> _PROBLEM STATEMENT_
Retype the lines below exactly, from the one that contains "Front Passenger's Door" through the last, and leave every picture out.

> _INFORMATION SHOWN_

────────────────────────────────────────

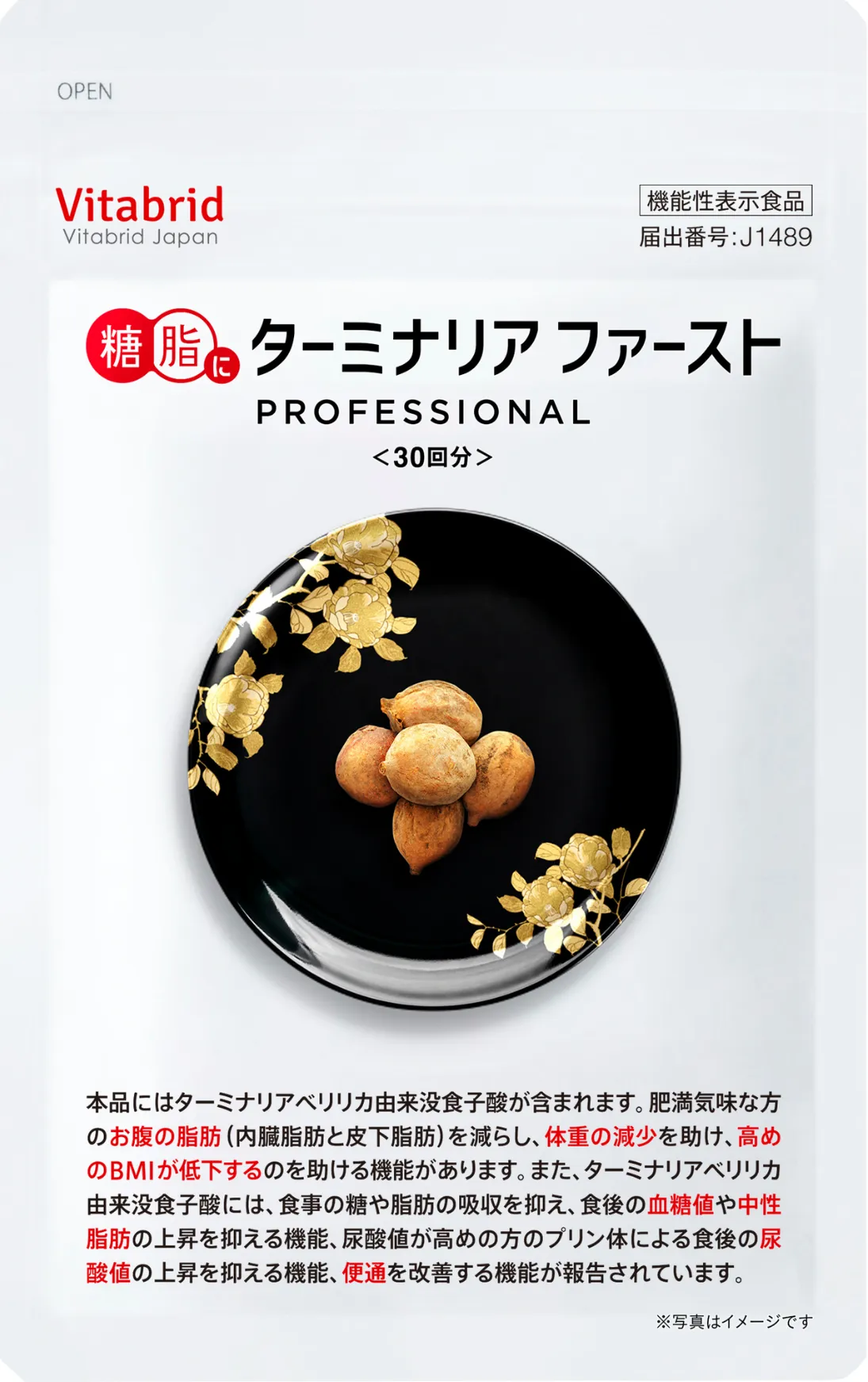 ターミナリアファースト プロフェッショナル4 機能性表示食品(届出番号 I1041) 機能性表示:本品にはターミナリアベリリカ由来没食子酸が含まれます。本品は、肥満気味な方のお腹の脂肪(内臓脂肪と皮下脂肪)を減らし、体重が減少するのを助け、高めのBMIが低下するのを助ける機能があります。また、ターミナリアベリリカ由来没食子酸には、食事の糖や脂肪の吸収を抑え、食後の血糖値や中性脂肪の上昇を抑える機能、尿酸値が高めの方の食事のプリン体による食後の尿酸値の上昇を抑える機能が報告されています。
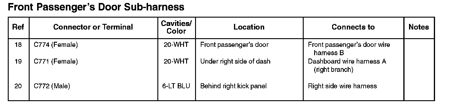 Front Passenger's Door Sub-harness:
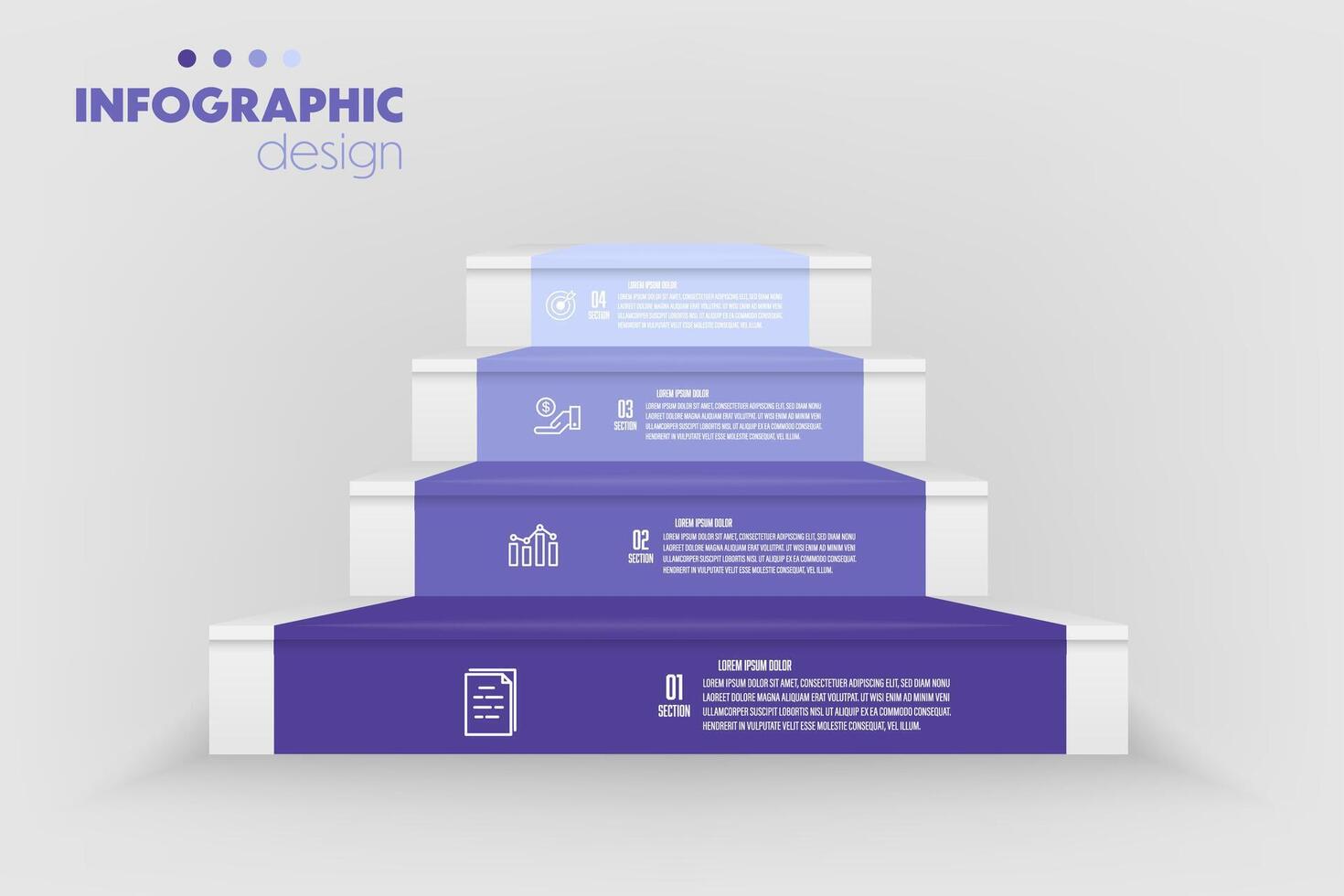 Stairs infographic template for workflow presentation with steps icons, 3D 4 step diagram. Pro Vector
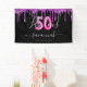 A trendy and glamourous 50 & Fabulous birthday party banner. A classic black background decorated with dark purple faux glitter drips, paint dripping look. With the text: 50 Fabulous. Personalise and add a name and a date. Date of birth or the date of the party. The name is written with a modern hand lettered style script. Light lavender coloured text. Age: 50 with a trendy balloon style font. Perfect both as a welcome banner or as party decor.

────────────────────────────────────────

> _RESULT FOR THIS EXERCISE_
 Front Passenger's Door Sub-harness:
 Stairs infographic template for workflow presentation with steps icons, 3D 4 step diagram. Pro Vector
 A trendy and glamourous 50 & Fabulous birthday party banner. A classic black background decorated with dark purple faux glitter drips, paint dripping look. With the text: 50 Fabulous. Personalise and add a name and a date. Date of birth or the date of the party. The name is written with a modern hand lettered style script. Light lavender coloured text. Age: 50 with a trendy balloon style font. Perfect both as a welcome banner or as party decor.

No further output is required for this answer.